Your answer is the lines below, exactly, from the one that contains "قال: فبيته بكير" through the one that contains "打开的 A4 尺寸横版画册设计展示样机(PSD)", both included.

**DATA FOR ANALYSIS**
------------------------

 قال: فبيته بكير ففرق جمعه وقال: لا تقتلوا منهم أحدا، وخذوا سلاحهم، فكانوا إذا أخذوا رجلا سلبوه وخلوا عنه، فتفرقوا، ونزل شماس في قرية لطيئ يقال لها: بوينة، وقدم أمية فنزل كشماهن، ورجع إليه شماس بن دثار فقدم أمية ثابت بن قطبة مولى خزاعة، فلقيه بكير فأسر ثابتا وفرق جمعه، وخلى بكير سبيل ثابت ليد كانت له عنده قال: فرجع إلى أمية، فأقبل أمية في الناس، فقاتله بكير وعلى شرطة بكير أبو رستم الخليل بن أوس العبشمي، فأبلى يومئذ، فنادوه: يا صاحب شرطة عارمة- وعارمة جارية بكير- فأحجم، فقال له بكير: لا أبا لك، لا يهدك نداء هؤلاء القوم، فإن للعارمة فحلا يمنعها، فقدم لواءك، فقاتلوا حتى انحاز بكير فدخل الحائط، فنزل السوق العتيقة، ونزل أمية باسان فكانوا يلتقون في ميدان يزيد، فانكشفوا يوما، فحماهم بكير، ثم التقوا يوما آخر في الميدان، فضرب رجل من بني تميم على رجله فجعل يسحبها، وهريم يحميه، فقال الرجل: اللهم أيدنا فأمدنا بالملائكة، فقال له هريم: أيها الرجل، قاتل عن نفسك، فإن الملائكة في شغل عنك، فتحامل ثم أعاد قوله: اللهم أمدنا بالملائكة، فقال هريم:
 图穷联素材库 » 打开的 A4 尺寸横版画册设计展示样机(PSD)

------------------------

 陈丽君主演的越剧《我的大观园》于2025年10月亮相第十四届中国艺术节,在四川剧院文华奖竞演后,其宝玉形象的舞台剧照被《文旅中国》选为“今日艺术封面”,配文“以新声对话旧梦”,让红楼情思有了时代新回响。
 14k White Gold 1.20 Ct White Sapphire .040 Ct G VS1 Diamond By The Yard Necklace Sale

------------------------

**ANSWER SPACE**
 قال: فبيته بكير ففرق جمعه وقال: لا تقتلوا منهم أحدا، وخذوا سلاحهم، فكانوا إذا أخذوا رجلا سلبوه وخلوا عنه، فتفرقوا، ونزل شماس في قرية لطيئ يقال لها: بوينة، وقدم أمية فنزل كشماهن، ورجع إليه شماس بن دثار فقدم أمية ثابت بن قطبة مولى خزاعة، فلقيه بكير فأسر ثابتا وفرق جمعه، وخلى بكير سبيل ثابت ليد كانت له عنده قال: فرجع إلى أمية، فأقبل أمية في الناس، فقاتله بكير وعلى شرطة بكير أبو رستم الخليل بن أوس العبشمي، فأبلى يومئذ، فنادوه: يا صاحب شرطة عارمة- وعارمة جارية بكير- فأحجم، فقال له بكير: لا أبا لك، لا يهدك نداء هؤلاء القوم، فإن للعارمة فحلا يمنعها، فقدم لواءك، فقاتلوا حتى انحاز بكير فدخل الحائط، فنزل السوق العتيقة، ونزل أمية باسان فكانوا يلتقون في ميدان يزيد، فانكشفوا يوما، فحماهم بكير، ثم التقوا يوما آخر في الميدان، فضرب رجل من بني تميم على رجله فجعل يسحبها، وهريم يحميه، فقال الرجل: اللهم أيدنا فأمدنا بالملائكة، فقال له هريم: أيها الرجل، قاتل عن نفسك، فإن الملائكة في شغل عنك، فتحامل ثم أعاد قوله: اللهم أمدنا بالملائكة، فقال هريم:
 图穷联素材库 » 打开的 A4 尺寸横版画册设计展示样机(PSD)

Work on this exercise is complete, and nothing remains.